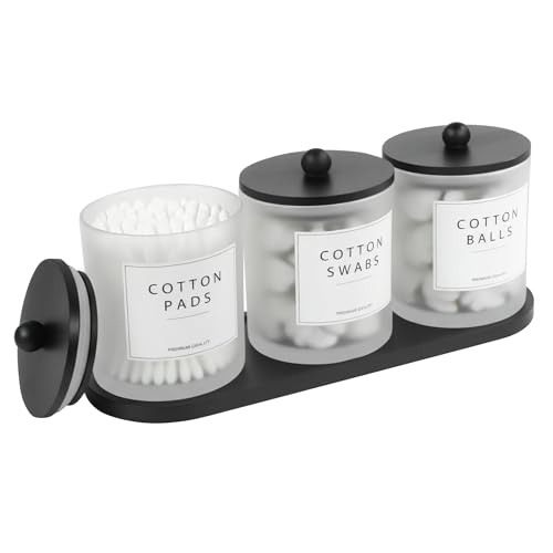 Vince Camuto Home Glass Cotton Jar Holder 鈥 Matte Black Lid, Elegant Bathroom Storage Canister for Qtips, Cotton Balls, Floss, Makeup Organizer, Vanity & Bathroom Organization
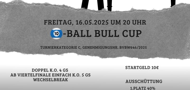 Link zur Anmeldung über die Tournamentapp: 10-BALL BULL CUP 2025...
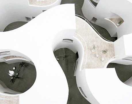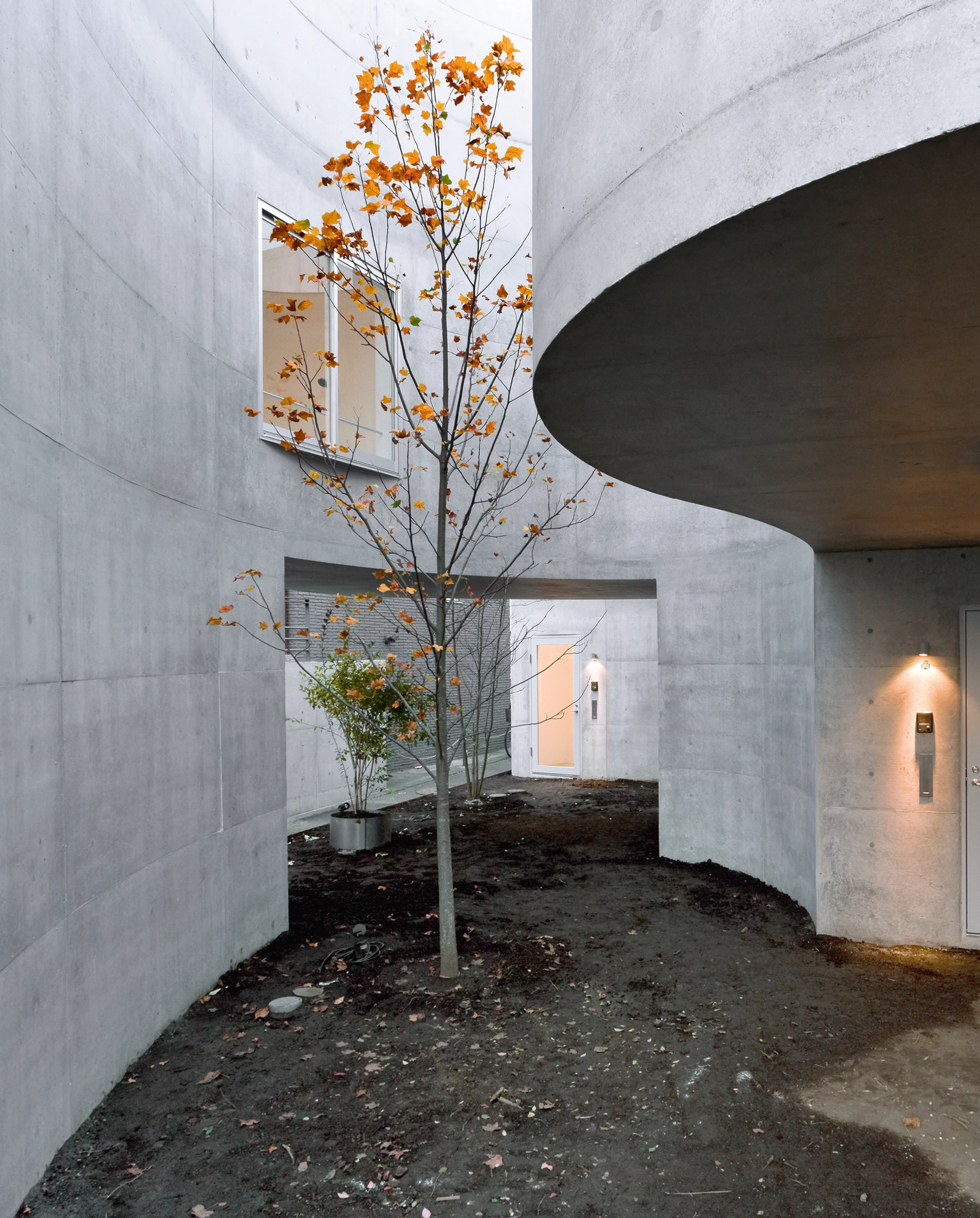 La curvatura de los muros dota a cada vivienda de un caracter único, estando todas ellas compuestas de un único espacio que se relaciona con el exterior de diversas formas: una vivienda puede tener una gran habitación rodeada por un jardín en planta baja y un pequeño dormitorio en la primera, mientras otra puede acoger una habitación en tridente y una terraza en la segunda planta. Cada habitación se abre hacia un espacio exterior de distinta índole, pero manteniendo la privacidad; interior y exterior se entremezclan con naturalidad.
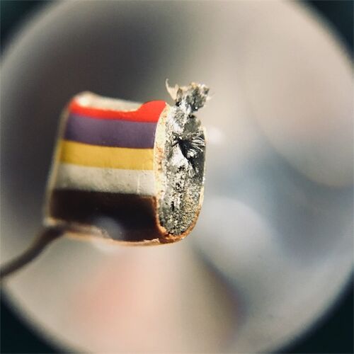 先日仕入れたコンデンサであるが、使用に耐えない物が多く出た。 かと言って、単に捨てる訳でもなく、研究材料として分析してみた。 リードが取れてしまったトロピカルフィッシュ。 なるべくホイルを負傷させない様にとやったが、端が切れてしまう。 外側は2…
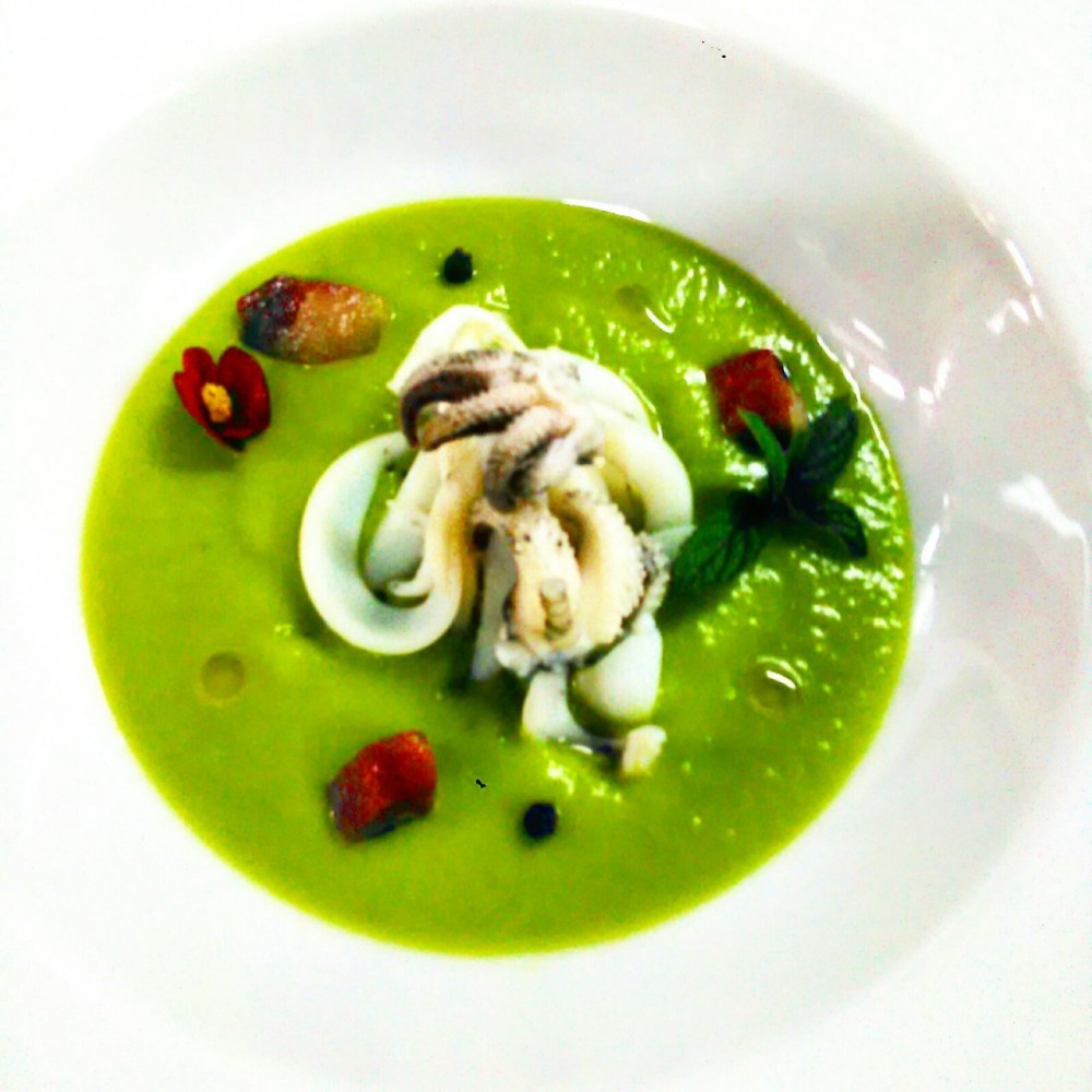 La ricciola invece servita per secondo con crema di ravanelli era bellissima a vedersi ma meno incisiva al gusto, molto meglio la seppia con i piselli a cui io avrei aggiunto una zesta di limone (in italiano non esiste questa parola, ma in francese sì, da noi il termine corretto per indicare la parte colorata della buccia degli agrumi è flavedo ma mai ho trovato una ricetta con flavedo di…) a dare acidità.
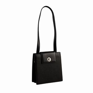 misure 25x23x8 cm. anni 2000 in pelle nera, finiture argentate, interno in tessuto a tre scomparti di cui uno [..]
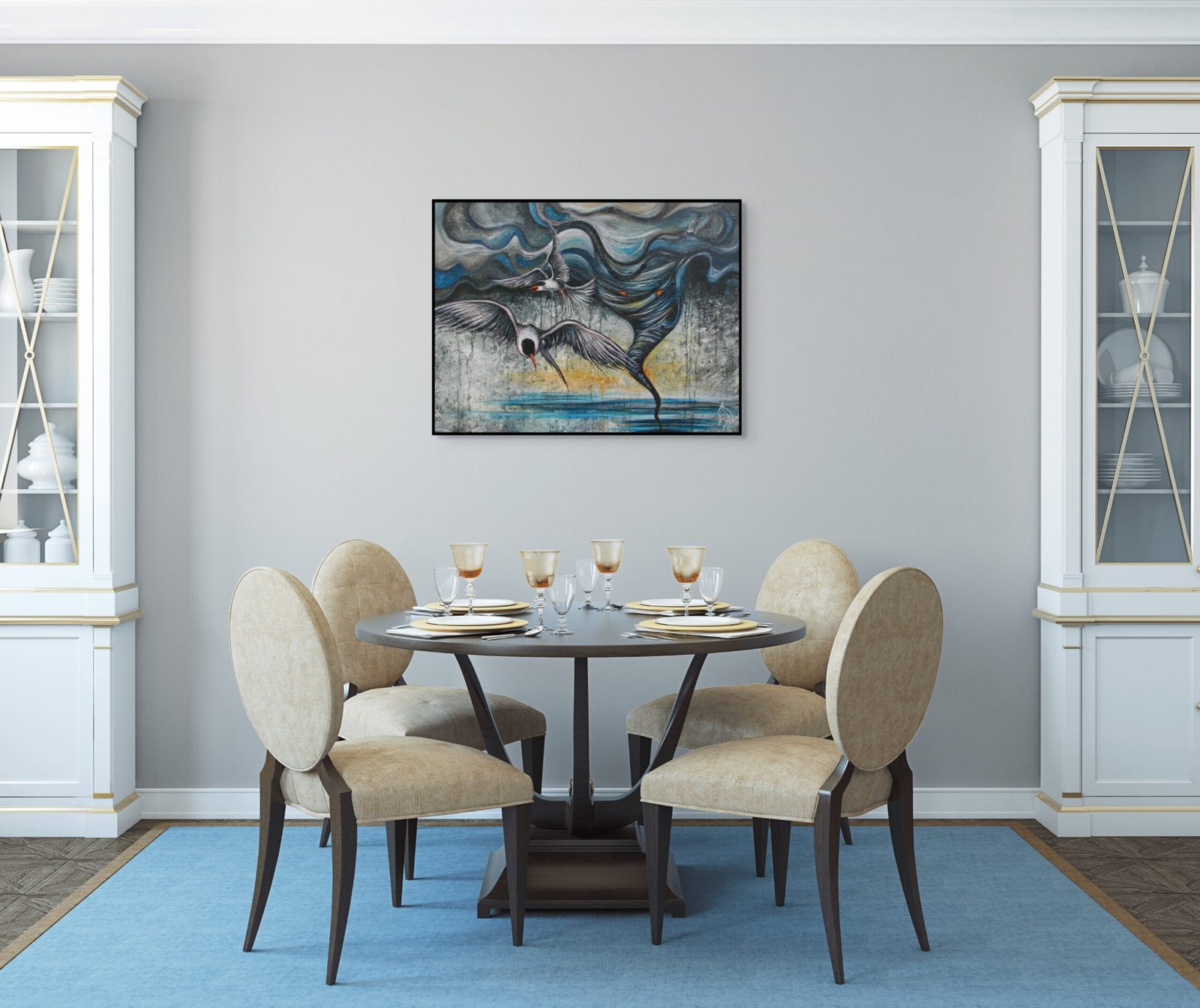 Šiame paveiksle Viesulas vaizduojamas per autorinę, simbolinę interpretaciją – kaip judanti, nestabili jėga, susijungianti su vandeniu, oru ir paukščiais. Sparnų, vėjo ir sūkurio motyvai kuria pojūtį, kad pati erdvė yra iškreipta. Tai ne konkretus pavidalas, o būsena – akimirka prieš lūžį, kai pasaulis dar stovi, bet jau tuoj bus perkeistas.

## Problem requirements:
Hand back the exact lines from the start of the entries to the line with "La curvatura de", both ends kept and pictures left out.

## Solution to this task:
 Vince Camuto Home Glass Cotton Jar Holder 鈥 Matte Black Lid, Elegant Bathroom Storage Canister for Qtips, Cotton Balls, Floss, Makeup Organizer, Vanity & Bathroom Organization
 Link zur Anmeldung über die Tournamentapp: 10-BALL BULL CUP 2025...
 La curvatura de los muros dota a cada vivienda de un caracter único, estando todas ellas compuestas de un único espacio que se relaciona con el exterior de diversas formas: una vivienda puede tener una gran habitación rodeada por un jardín en planta baja y un pequeño dormitorio en la primera, mientras otra puede acoger una habitación en tridente y una terraza en la segunda planta. Cada habitación se abre hacia un espacio exterior de distinta índole, pero manteniendo la privacidad; interior y exterior se entremezclan con naturalidad.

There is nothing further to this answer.